Droz, 580 F.3d at 109 (quoting Kinzer v. Jackson, 316 F.3d 139, 143 (2d Cir. 2003)).
See McClellan v. Smith, 439 F.3d 127, 145 (2d Cir. 2006) ("[A] grand jury indictment gives rise to a presumption that probable cause exists and a claim for malicious prosecution in relation to the crimes described in the indictment thereby is defeated. . . . [T]he presumption may be rebutted by evidence . . . that the indictment was produced by fraud, perjury, the suppression of evidence or other police conduct undertaken in bad faith.").
See Droz, 580 F.3d at 109 (directing the district court to grant the defendant's motion for summary judgment on a malicious prosecution claim where it "conclud[ed] that there was probable cause as a matter of law for instituting the proceeding").
D. Conspiracy
"To prove a § 1983 conspiracy, a plaintiff must show: (1) an agreement between two or more state actors or between a state actor and a private entity; (2) to act in concert to inflict an unconstitutional injury; and (3) an overt act done in furtherance of that goal causing damages." Nieves failed to provide any facts showing that the defendants "`entered into an agreement, express or tacit, to achieve the unlawful end.'" Thus, defendants are entitled to summary judgment on this claim as well.
Pangburn v.
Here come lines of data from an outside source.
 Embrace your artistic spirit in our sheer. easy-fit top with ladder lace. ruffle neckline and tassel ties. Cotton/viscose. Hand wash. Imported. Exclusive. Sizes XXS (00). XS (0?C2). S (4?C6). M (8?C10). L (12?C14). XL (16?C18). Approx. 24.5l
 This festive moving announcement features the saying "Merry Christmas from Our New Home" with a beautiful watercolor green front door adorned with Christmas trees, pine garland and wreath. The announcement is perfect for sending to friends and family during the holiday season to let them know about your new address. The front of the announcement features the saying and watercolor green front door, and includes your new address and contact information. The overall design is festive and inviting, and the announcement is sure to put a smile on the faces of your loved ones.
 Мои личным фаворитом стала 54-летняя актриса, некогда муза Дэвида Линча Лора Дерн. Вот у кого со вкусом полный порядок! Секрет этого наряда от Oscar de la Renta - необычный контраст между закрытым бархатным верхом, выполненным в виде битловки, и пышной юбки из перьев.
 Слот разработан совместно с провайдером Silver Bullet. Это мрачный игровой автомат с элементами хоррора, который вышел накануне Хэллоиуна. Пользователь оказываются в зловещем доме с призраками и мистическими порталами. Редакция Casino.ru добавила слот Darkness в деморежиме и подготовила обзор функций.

Culbertson, 200 F.3d 65, 72 (2d Cir. 1999).
Arar v. Ashcroft, 585 F.3d 559, 569 (2d Cir. 2009) (quoting Webb v. Goord, 340 F.3d 105, 110 (2d Cir. 2003)).
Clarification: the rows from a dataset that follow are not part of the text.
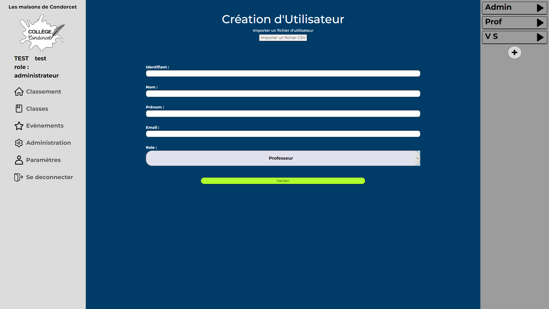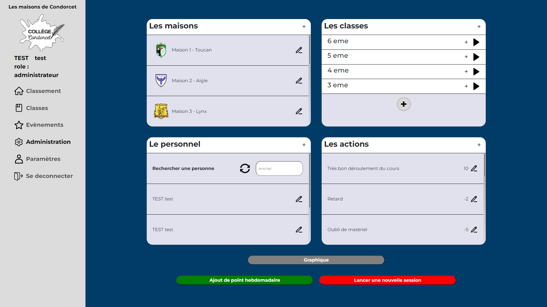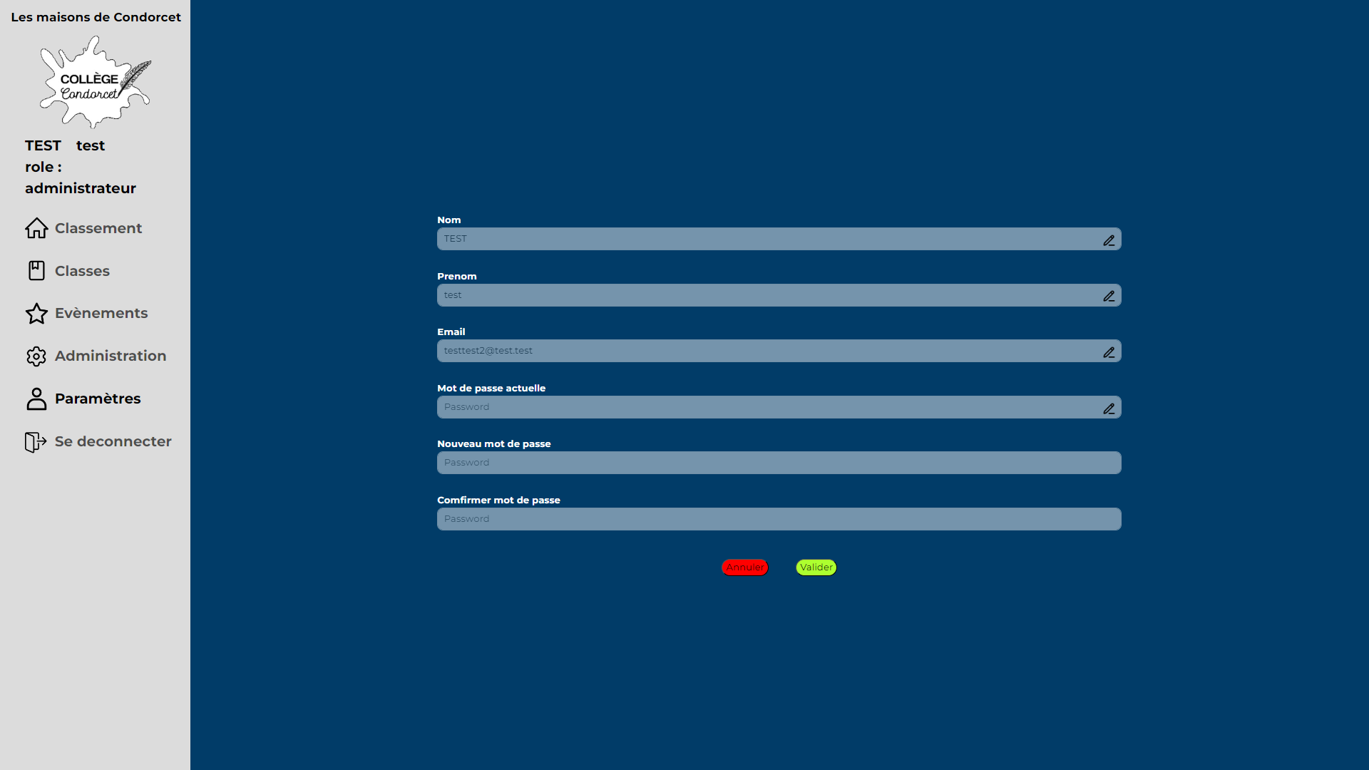 Enfin celui d'administrateur, qui en plus de pouvoir faire ce que les deux rôles précédents peuvent, il peut créer, modifier et supprimer des maisons, des classes, des utilisateurs, actions et événements.
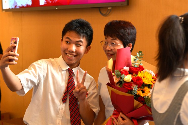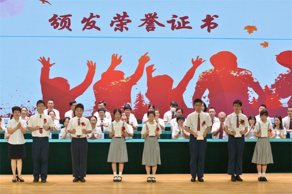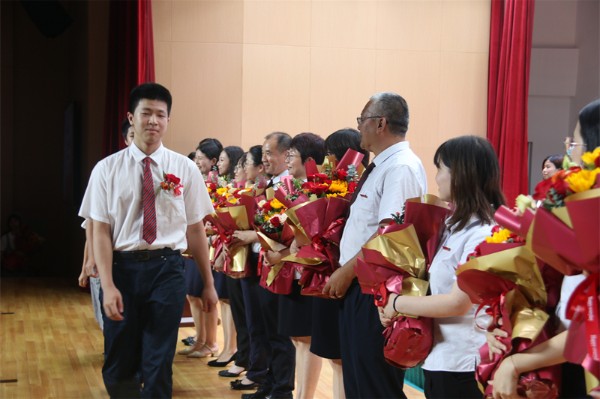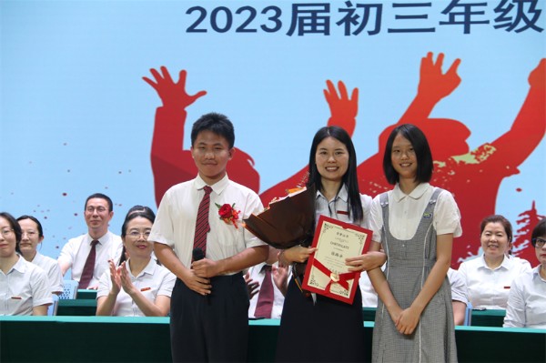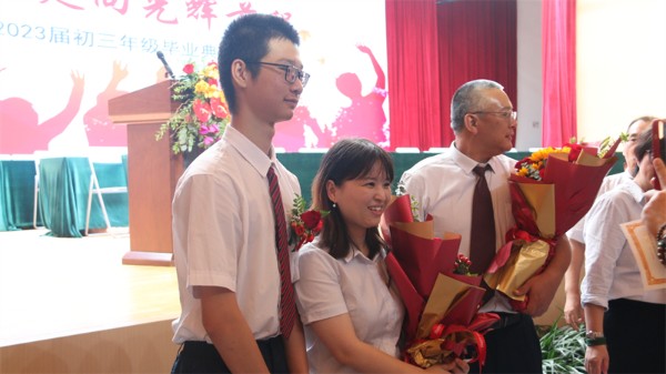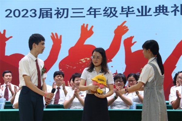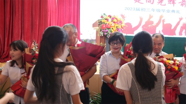 伴随着欢快明朗的深圳实验学校校歌,2023届初三年级毕业典礼落下帷幕。全体初三年级毕业生、家长们纷纷走上舞台,向老师们献上鲜花,并与每一位老师握手拥抱,彼此互道珍重。
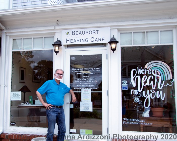 David from Beauport modeling their masks for the hearing impaired. They are selling them there as well for $10.00. These masks can help the hearing impaired read lips while using a mask.

E. State-Law Intentional Infliction of Emotional Distress
New York General Municipal Law section 50-e requires that plaintiffs asserting state tort law claims against a municipal entity or its employees file a notice of claim within ninety days after the incident giving rise to the claim. Nieves concedes that he did not file a notice of claim. He argues instead that defendants were "on notice" of his claims because he filed complaints with the New York City Civilian Complaint Review Board and the New York City Police Department Internal Affairs Bureau. The fact that defendants may have received actual notice of Nieves' claims does not relieve him of his obligation to file a notice of claim. Having failed to do so, Nieves' state-law claim is dismissed.
See Pl. Opp. at 18.
Id.
See Olsen v. County of Nassau, No. 05 Civ. 3623, 2008 WL 4838705, at *2-*3 (E.D.N.Y. Nov. 4, 2008) (rejecting plaintiff's argument that filing a complaint with the New York State Human Rights Division obviated the notice of claim requirement and dismissing plaintiff's claims).
V. CONCLUSION
For the foregoing reasons, defendants' motion for summary judgment is granted in part and denied in part. The Clerk of the Court is directed to close this motion (Docket No. 32). A conference is scheduled for February 11, 2010 at 3:00 p.m. in Courtroom 15C.